The actual way it decides what samples to save is somewhat complicated i.e. not just a straight "1 in 10" of the samples from the in-memory ASH. It saves 1 in 10 of the sample sets when there was activity, but saves all of the session data from such a saved sample. This way you get all of the active session data from a saved sample, rather than just 1 in 10 of the active sessions and so be missing a complete picture of a sample set.

You can query DBA_HIST_ACTIVE_SESS_HISTORY in much the same way as you would query V$ACTIVE_SESSION_HISTORY, except that there are fewer samples covering longer periods of time.

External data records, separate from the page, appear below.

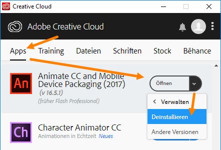 Verwenden Sie die Creative Cloud Desktop-Applikation, um Animate neu zu installieren.
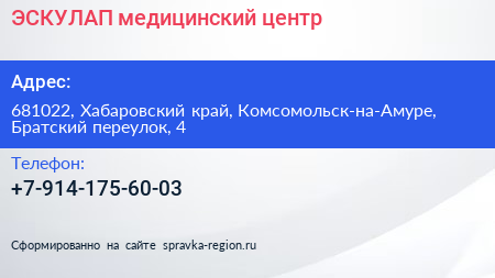 ЭСКУЛАП, медицинский центр по адресу 681022, Хабаровский край, Комсомольск-на-Амуре, Братский переулок, 4 в дальнейшем Организация, размещена в следующих категориях:
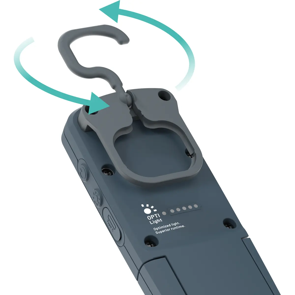 Projetada para resistir a ambientes de trabalho exigentes, a UNIFORM é resistente à água e a poeiras (IP65). As suas características incluem um gancho rotativo, um íman integrado forte e um clip para fácil fixação a um cinto de trabalho, permitindo uma posição flexível durante os trabalhos de inspeção. A cabeça da lanterna tem um ajuste flexível e pode inclinar-se até 180 graus, permitindo ajustar a direção da luz conforme necessário. Além disso, o cabo ergonómico e o design compacto tornam a lanterna fácil de transportar.
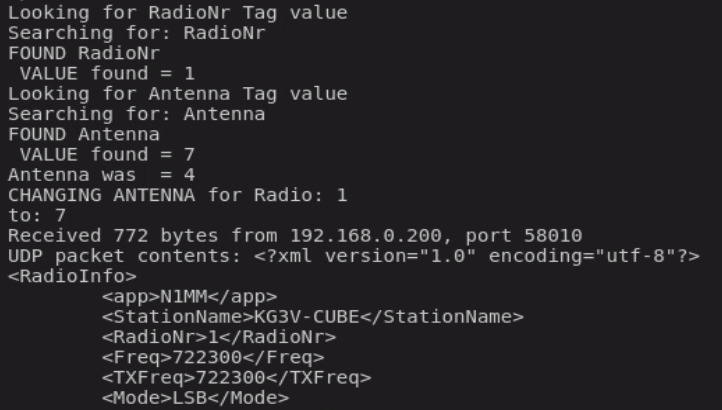 In N1MM, using the LOG window for either of the two radios, you just press ATL-F9 to cycle through available antennas. Only antennas that have been designated as usable on the current Radio Band are made available. If an antenna is already in use by the other radio, it is NOT available for selection for this radio. The text display below shows a debugging screen depicting the antenna selection process.

Historical System Activity

The previous views are all about individual sessions, but Oracle also has a lot of information about other activity on the database as a whole in the other dynamic performance views. Most of these hold cumulative values - the data values only ever go up as new measurements are added in. In many cases their data is essentially a sum of the activity across all of the sessions in the system. These views can provide other useful information about what has been happening on a system. Oracle also takes snapshots of these data sets into the AWR, into a series of DBA_HIST_* tables, which you again need the Diagnostics Pack license for the right to query them.

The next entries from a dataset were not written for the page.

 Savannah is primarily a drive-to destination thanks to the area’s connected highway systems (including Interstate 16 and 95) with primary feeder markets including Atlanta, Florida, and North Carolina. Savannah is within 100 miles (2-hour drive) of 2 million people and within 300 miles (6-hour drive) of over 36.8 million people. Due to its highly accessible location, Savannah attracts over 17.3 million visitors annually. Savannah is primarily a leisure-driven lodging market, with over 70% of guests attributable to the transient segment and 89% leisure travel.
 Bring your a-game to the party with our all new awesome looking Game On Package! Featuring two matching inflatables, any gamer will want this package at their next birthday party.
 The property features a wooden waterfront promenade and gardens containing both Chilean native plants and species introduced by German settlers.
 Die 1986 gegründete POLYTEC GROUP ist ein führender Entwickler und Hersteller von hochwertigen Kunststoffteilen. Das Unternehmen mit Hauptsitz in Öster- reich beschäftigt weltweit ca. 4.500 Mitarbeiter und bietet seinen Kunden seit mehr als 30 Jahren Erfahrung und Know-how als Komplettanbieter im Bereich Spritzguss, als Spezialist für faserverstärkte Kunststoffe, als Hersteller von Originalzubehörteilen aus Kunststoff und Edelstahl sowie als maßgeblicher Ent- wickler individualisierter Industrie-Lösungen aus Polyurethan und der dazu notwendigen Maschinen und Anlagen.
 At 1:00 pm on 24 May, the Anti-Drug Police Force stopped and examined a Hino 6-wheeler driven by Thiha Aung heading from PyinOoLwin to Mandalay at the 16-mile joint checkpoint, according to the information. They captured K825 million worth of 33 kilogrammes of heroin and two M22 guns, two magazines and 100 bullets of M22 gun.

The default snapshot interval is every hour, and they are retained for 7 days (these can be changed if desired, which can be useful). An AWR snapshot copies all data in all of the relevant dynamic performance views into their corresponding DBA_HIST_ table with a SNAP_ID column added in to identify the relevant snapshot. Unlike ASH, which is only a sampled subset, all of the data in the corresponding dynamic performance views is saved on each snapshot, so there are no issues over any missing data within a snapshot.

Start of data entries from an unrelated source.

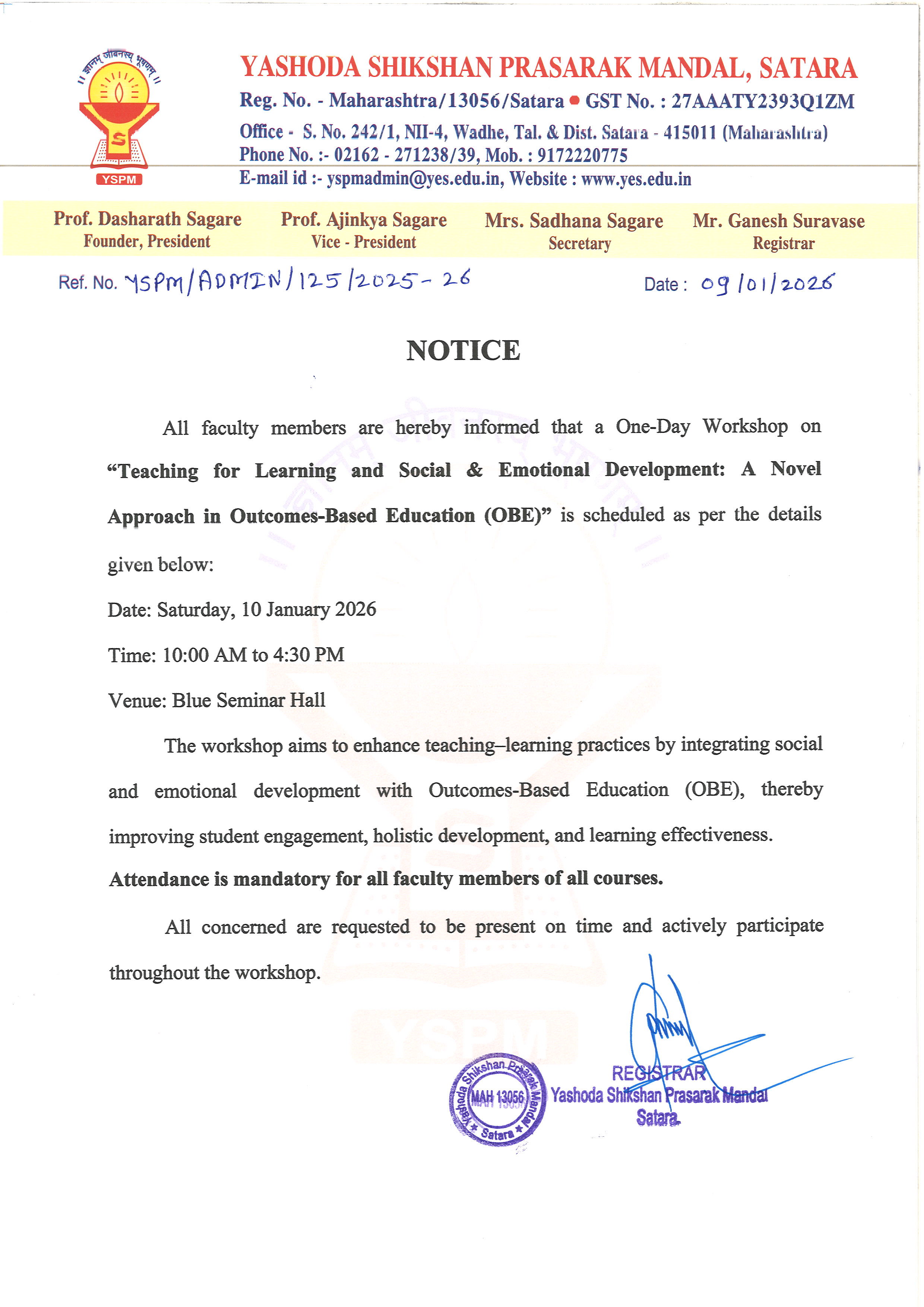 All (Teaching - Non -Teaching Staff ) YSS & YSPM |
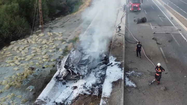 Freni arızalandığı belirtilen Salih Eken (45) yönetimindeki 41 AOU 373 plakalı tır, aynı yönde seyreden otobüse yandan çarptıktan sonra refüje çıktı. İstinat duvarına çarpan tırda yangın çıktı.
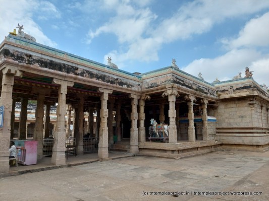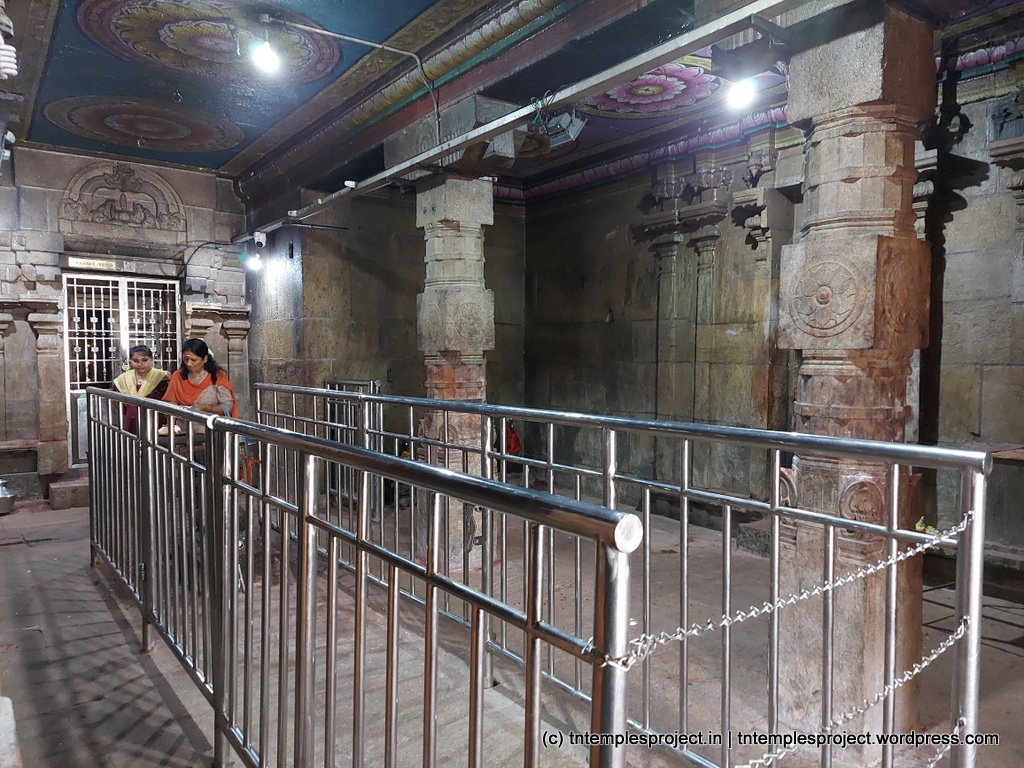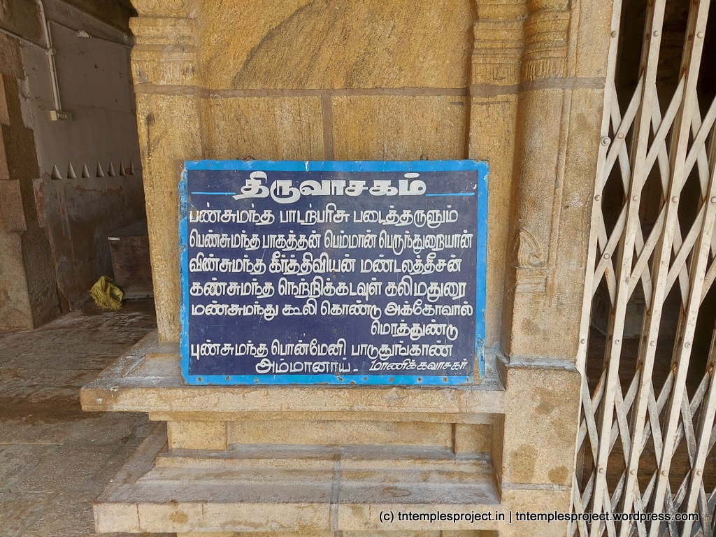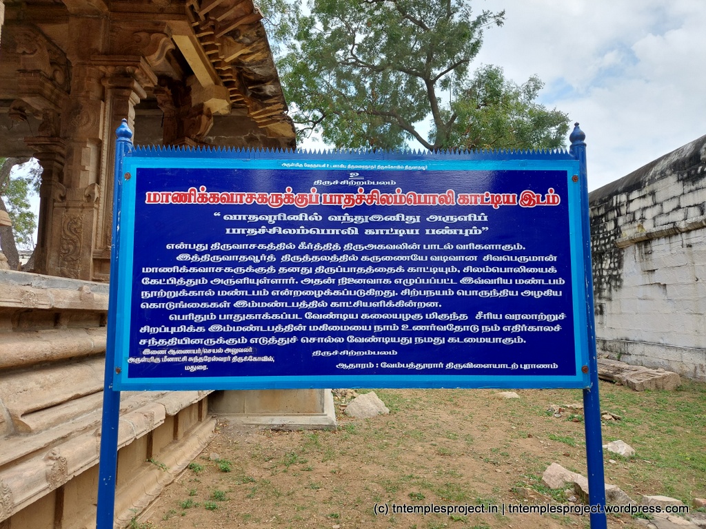 கோயிலுக்குள் நுழைந்தவுடன் வலதுபுறத்தில், சிவன் மாணிக்கவாசகருக்கு தனது புனித பாதங்களைக் காட்சிப்படுத்தினார், மேலும் விஷ்ணு செய்தது போல் தனது கணுக்கால்களிலிருந்து வெளிப்படும் அதே ஒலிகளைக் கேட்கும்படி செய்தார். இந்த மண்டபம் – 100 தூண் மண்டபம் என்று அழைக்கப்படுகிறது – மாணிக்கவாசகர் காலத்தில் கட்டப்பட்டது (சில கணக்குகளின்படி, துறவியால் இருக்கலாம்).
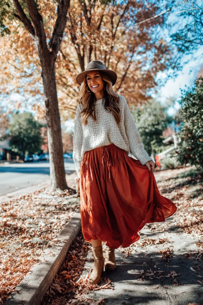 This outfit captures the heart of fall with its cozy textures and earthy tones. She’s wearing a chunky cream knit sweater that looks perfectly slouchy and soft, paired with a flowy rust-colored maxi skirt that moves beautifully with every step. A wide-brimmed felt hat and tan ankle boots complete the look, giving it that effortless boho charm that feels both playful and put-together. It’s the kind of outfit that makes you want to spend all day outside enjoying crisp autumn air.
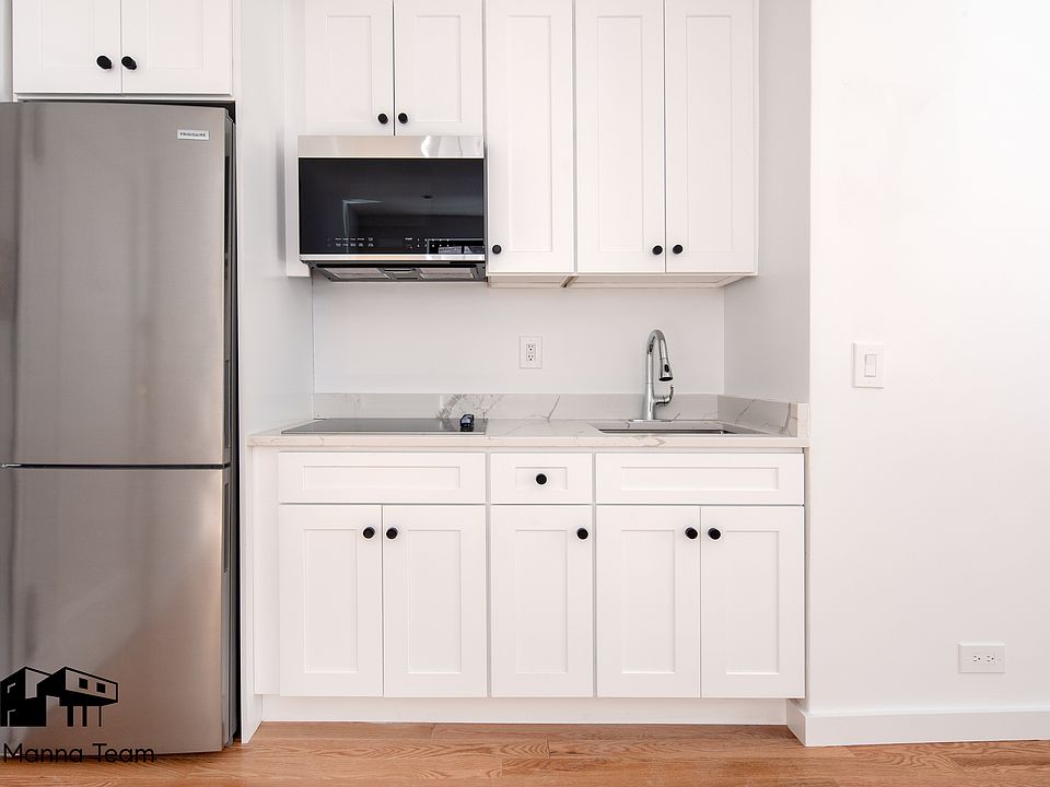 Introducing the epitome of modern living in the prestigious Flatiron neighborhood of Manhattan Welcome to 172 5th Avenue Landmark Building! Embrace the opportunity to be the very first tenant of this exquisite, completely renovated apartment. This renovated unit with an oversized closet also boasts: Immaculate brand new interior design. Kitchenette adorned with elegant marble countertops and backsplash Stainless steel appliances for a sleek and modern culinary experience Stylish white cabinets with chic black hardware Impeccable bathroom boasting oversized marble tiles Kholer shower head and a deep soaking tub for ultimate relaxation Contemporary vanity and light fixtures Gray oversized floor tiles adding a touch of sophistication Gleaming new hardwood floors throughout Ample storage space with a large, spacious walk-in-closet Newly installed windows for abundant natural light Heat and hot water included. The building itself offers an array of desirable amenities: Elevator for effortless access to your new home Dedicated live-in superintendent to promptly address any concerns Proximity to renowned destinations such as Madison Park, Eataly, Trader Joe's, Whole Foods, and an abundance of shops -Excellent transportation options with convenient access to multiple train lines including 1/6/R/N/W/F/M Don't miss out on this incredible opportunity to reside in one of Manhattan's most sought-after neighborhoods. Contact us today to schedule a viewing and make this stunning apartment your new home!

You can make use of this AWR data either by running a standard AWR report which summarises all activity between two snapshots, or by writing your own queries directly against these DBA_HIST_* tables for things of interest to you. The latter can be useful if you don't want to have to produce a set of AWR reports and then read through them manually to find something of interest. The right kind of queries can summarise key activity data across multiple snapshots, helping you identify any abnormalities or peak activity periods or anything else of interest.

In the same way that you might look at a dynamic performance view to see changes in real time, you can query the corresponding DBA_HIST_* table to see what changed over longer periods of time and between multiple snapshots. But your query will need to get two sets of snapshots (using the SNAP_ID column probably) and subtract the cumulative values of one from the other to get the change in value over that time i.e. the actual measure of the activity over that period of time. I've blogged about querying the AWR DBA_HIST_ tables directly before.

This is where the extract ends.